Ilya singing karaoke at our company offsite.
伊利亚在公司外唱卡拉 OK。
We started to get very exciting results, and Jakub and Szymon joined the project full-time. I feel proud every time I see a commit from them in the machine learning codebase I’d started.
我们开始取得令人兴奋的成果,Jakub 和 Szymon 全职加入了这个项目。每次看到他们在我创建的机器学习代码库中提交的代码,我都感到非常自豪。
I’m starting to feel competent, though I haven’t yet achieved mastery. I’m seeing this reflected in the number of hours I can motivate myself to spend focused on doing machine learning work — I’m now around 75% of the number of coding hours from where I’ve been historically.

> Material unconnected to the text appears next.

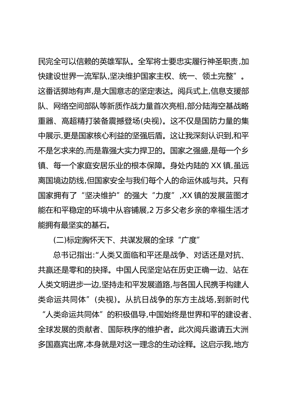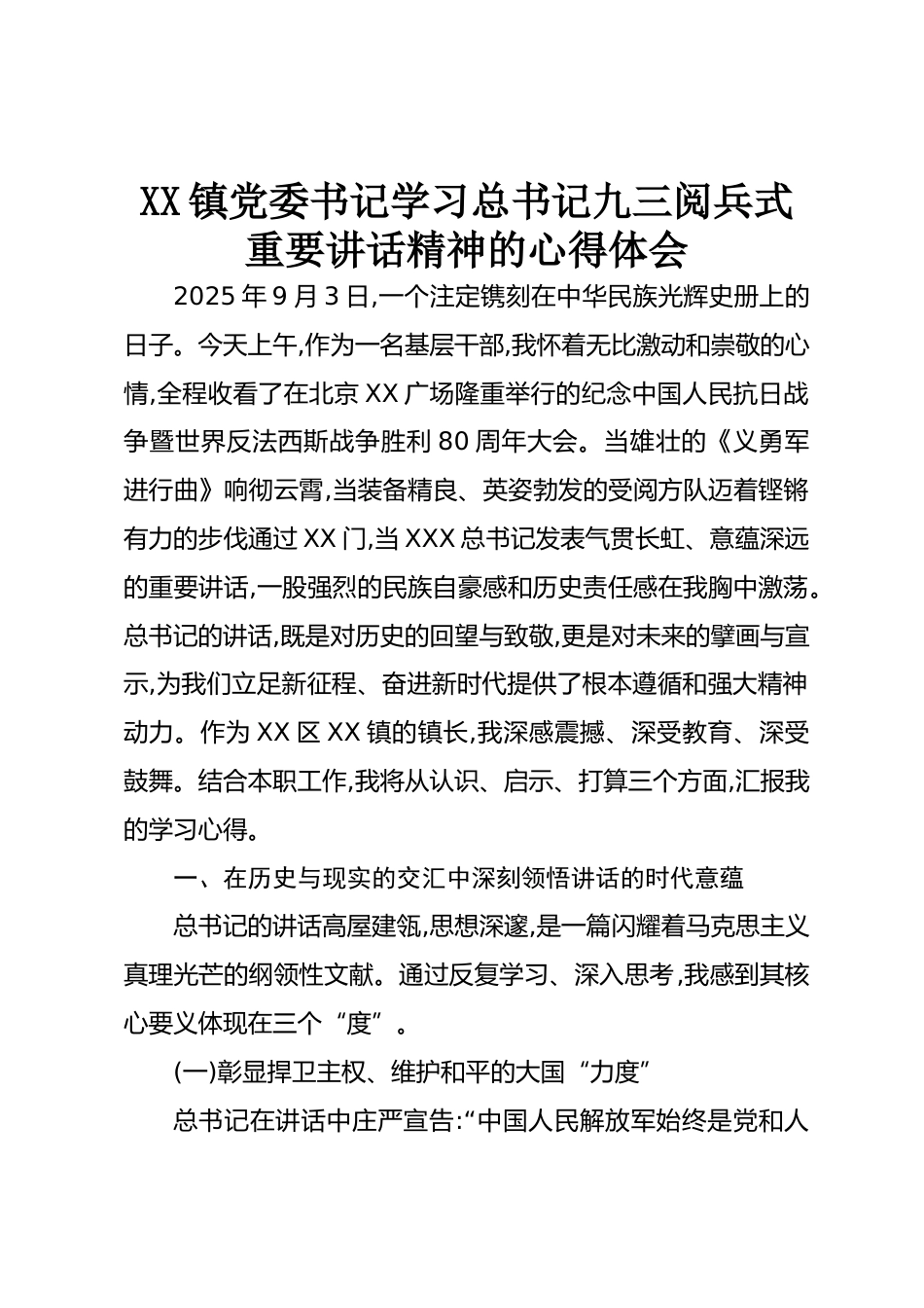 XX鎮(zhèn)黨委書記學(xué)習(xí)總書記九三閱兵式重要講話精神的心得體會VIP免費

虽然我还没有达到精通的程度,但我开始感觉自己有能力了。我看到这一点反映在我能激励自己专注于机器学习工作的小时数上--我现在的编码小时数是历史上的 75%。
But for the first time, I feel that I’m on trajectory. At first, I was overwhelmed by the seemingly endless stream of new machine learning concepts. Within the first six months, I realized that I could make progress without constantly learning entirely new primitives. I still need to get more experience with many skills, such as initializing a network or setting a learning rate schedule, but now the work feels incremental rather than potentially impossible.
但这是我第一次感到自己已经步入正轨。起初,我被似乎无穷无尽的机器学习新概念淹没了。在最初的六个月里,我意识到,我可以在不不断学习全新基元的情况下取得进步。我仍然需要在很多技能上积累更多经验,比如初始化网络或设置学习率计划,但现在我感觉工作是循序渐进的,而不是潜在的不可能。
From our Fellows and Scholars programs, I’d known that software engineers with solid fundamentals in linear algebra and probability can become machine learning engineers with just a few months of self study. But somehow I’d convinced myself that I was the exception and couldn’t learn. But I was wrong — even embedded in the middle of OpenAI, I couldn’t make the transition because I was unwilling to become a beginner again.
从我们的 "研究员 "和 "学者 "项目中,我知道软件工程师只要具备扎实的线性代数和概率论基础,只需几个月的自学就能成为机器学习工程师。但不知何故,我一直坚信自己是个例外,学不会。但我错了--即使置身于 OpenAI 中间,我也无法完成转型,因为我不愿意再次成为初学者。
You’re probably not an exception either. If you’d like to become a deep learning practitioner, you can. You need to give yourself the space and time to fail. If you learn from enough failures, you’ll succeed — and it’ll probably take much less time than you expect.
你可能也不例外。如果你想成为深度学习实践者,你可以做到。你需要给自己失败的空间和时间。如果你从足够多的失败中吸取教训,你就会成功,而且所花的时间可能比你预期的要少得多。
At some point, it does become important to surround yourself by existing experts. And that is one place where I’m incredibly lucky. If you’re a great software engineer who reaches that point, keep in mind there’s a way you can be surrounded by the same people as I am — apply to OpenAI!
在某些时候,身边有现成的专家确实很重要。而这正是我无比幸运的地方。如果你是一名优秀的软件工程师,并达到了这一境界,那么请记住,有一种方法可以让你和我一样,被同样的人包围--申请加入 OpenAI!